Exercise goal:
The required result is the exact run of lines beginning at the one containing "costas nuas, ele" and ending at the last line of the entries.

----------

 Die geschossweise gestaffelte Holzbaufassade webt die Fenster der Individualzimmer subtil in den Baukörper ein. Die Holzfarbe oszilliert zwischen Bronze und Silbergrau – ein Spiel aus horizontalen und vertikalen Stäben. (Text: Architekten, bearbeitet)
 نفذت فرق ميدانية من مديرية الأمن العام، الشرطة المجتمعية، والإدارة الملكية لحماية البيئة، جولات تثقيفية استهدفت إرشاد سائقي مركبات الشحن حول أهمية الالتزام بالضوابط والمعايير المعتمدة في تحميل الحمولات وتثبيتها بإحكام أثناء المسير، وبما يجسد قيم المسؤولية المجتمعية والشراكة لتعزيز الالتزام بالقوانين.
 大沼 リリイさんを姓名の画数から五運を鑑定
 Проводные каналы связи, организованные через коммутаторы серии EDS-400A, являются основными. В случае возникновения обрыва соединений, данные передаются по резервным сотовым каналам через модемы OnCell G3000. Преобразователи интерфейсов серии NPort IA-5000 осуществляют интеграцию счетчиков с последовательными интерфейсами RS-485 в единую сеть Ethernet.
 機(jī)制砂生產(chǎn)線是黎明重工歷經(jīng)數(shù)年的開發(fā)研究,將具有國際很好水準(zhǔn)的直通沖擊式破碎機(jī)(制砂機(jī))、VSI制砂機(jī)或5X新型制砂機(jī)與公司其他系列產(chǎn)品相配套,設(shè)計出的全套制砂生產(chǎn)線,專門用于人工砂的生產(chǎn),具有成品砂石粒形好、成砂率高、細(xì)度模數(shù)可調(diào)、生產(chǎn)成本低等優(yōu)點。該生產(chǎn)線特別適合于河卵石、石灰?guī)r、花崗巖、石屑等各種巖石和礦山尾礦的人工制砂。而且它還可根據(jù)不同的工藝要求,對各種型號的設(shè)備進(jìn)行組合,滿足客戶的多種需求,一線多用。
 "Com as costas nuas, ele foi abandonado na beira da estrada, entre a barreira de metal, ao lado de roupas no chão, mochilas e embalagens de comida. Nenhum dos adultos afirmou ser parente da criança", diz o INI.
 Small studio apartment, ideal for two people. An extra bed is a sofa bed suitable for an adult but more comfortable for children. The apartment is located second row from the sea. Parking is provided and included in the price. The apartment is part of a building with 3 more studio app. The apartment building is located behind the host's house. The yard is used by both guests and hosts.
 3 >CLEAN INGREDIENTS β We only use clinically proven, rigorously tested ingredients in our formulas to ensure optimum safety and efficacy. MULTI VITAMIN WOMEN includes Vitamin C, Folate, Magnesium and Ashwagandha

----------

Reply:
 "Com as costas nuas, ele foi abandonado na beira da estrada, entre a barreira de metal, ao lado de roupas no chão, mochilas e embalagens de comida. Nenhum dos adultos afirmou ser parente da criança", diz o INI.
 Small studio apartment, ideal for two people. An extra bed is a sofa bed suitable for an adult but more comfortable for children. The apartment is located second row from the sea. Parking is provided and included in the price. The apartment is part of a building with 3 more studio app. The apartment building is located behind the host's house. The yard is used by both guests and hosts.
 3 >CLEAN INGREDIENTS β We only use clinically proven, rigorously tested ingredients in our formulas to ensure optimum safety and efficacy. MULTI VITAMIN WOMEN includes Vitamin C, Folate, Magnesium and Ashwagandha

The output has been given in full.